## The problem
Wherever pictures appear in the listing below, leave them out, and copy exactly, and only, everything from the line with "Два апельсиновых персика, букет" down to the line with "被举报的两家店都位于南京鼓楼".
══ Provided data ══
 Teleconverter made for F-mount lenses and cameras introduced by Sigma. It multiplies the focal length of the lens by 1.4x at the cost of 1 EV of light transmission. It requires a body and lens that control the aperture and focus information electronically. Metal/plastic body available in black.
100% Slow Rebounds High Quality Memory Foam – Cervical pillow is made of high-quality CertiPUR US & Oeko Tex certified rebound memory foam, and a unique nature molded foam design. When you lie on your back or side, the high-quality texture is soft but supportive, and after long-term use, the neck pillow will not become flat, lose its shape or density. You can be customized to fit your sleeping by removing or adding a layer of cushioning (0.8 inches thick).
═══
══ Provided data ══
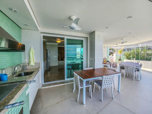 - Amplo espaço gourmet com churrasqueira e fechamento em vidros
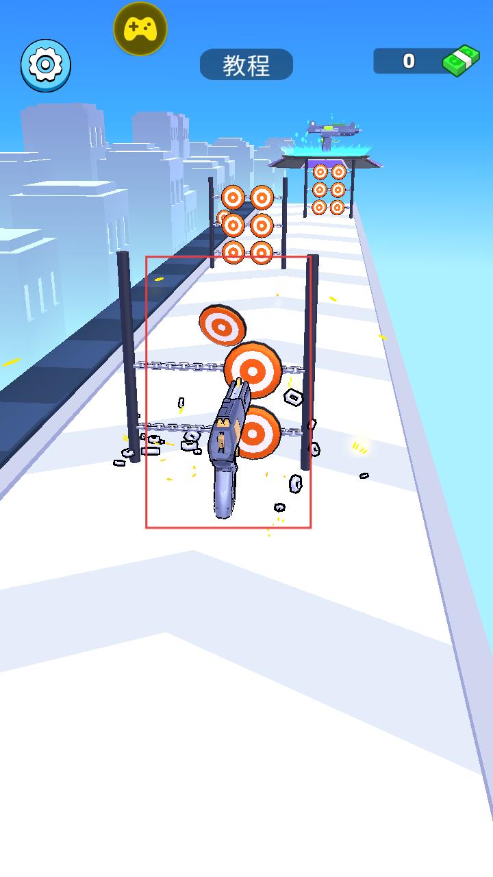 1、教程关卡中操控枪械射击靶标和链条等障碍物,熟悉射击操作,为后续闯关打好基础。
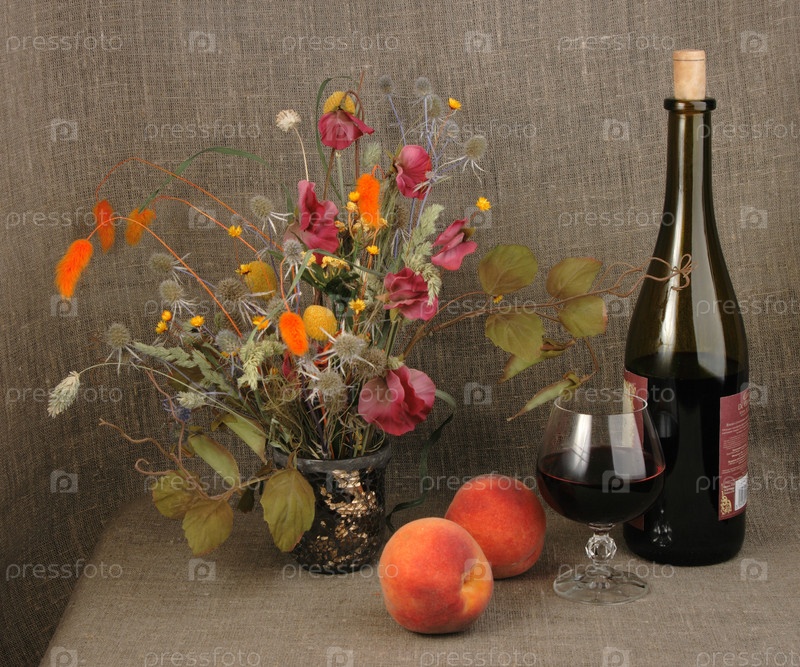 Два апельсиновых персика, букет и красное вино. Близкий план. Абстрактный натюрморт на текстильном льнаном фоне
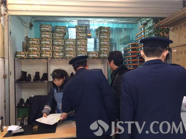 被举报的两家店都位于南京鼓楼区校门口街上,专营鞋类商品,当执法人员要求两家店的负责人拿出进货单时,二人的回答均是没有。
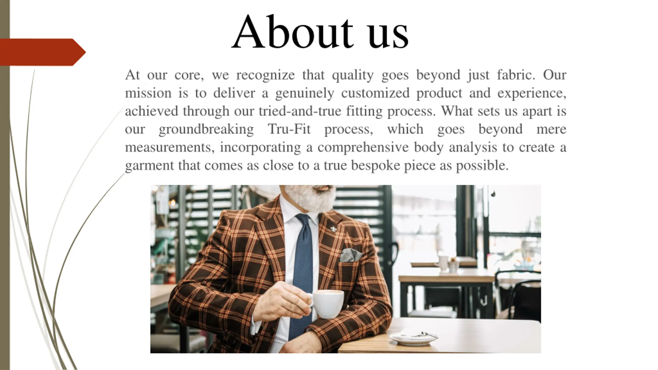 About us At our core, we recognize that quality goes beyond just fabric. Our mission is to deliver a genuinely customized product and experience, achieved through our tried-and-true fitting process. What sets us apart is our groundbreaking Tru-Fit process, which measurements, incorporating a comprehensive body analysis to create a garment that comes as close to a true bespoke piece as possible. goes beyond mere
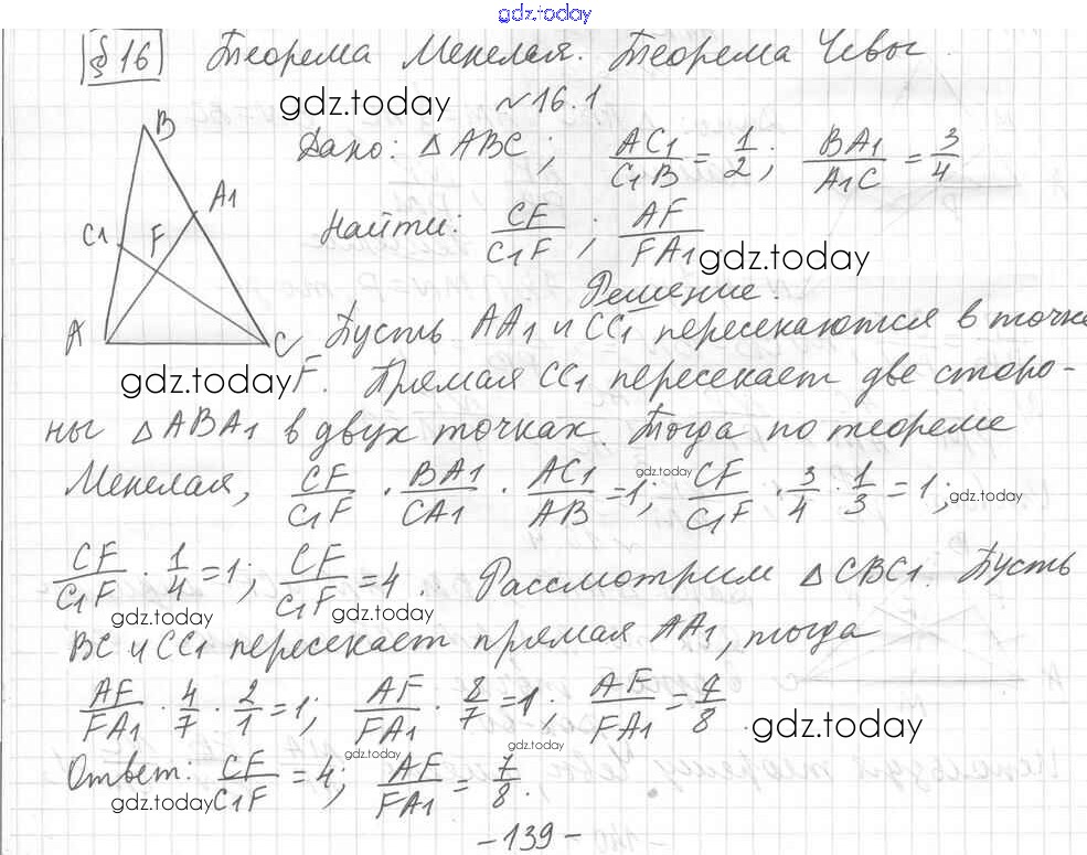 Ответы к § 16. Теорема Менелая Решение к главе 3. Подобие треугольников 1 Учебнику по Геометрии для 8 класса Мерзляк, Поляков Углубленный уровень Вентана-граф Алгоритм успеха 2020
═══
## Problem solution
 Два апельсиновых персика, букет и красное вино. Близкий план. Абстрактный натюрморт на текстильном льнаном фоне
 被举报的两家店都位于南京鼓楼区校门口街上,专营鞋类商品,当执法人员要求两家店的负责人拿出进货单时,二人的回答均是没有。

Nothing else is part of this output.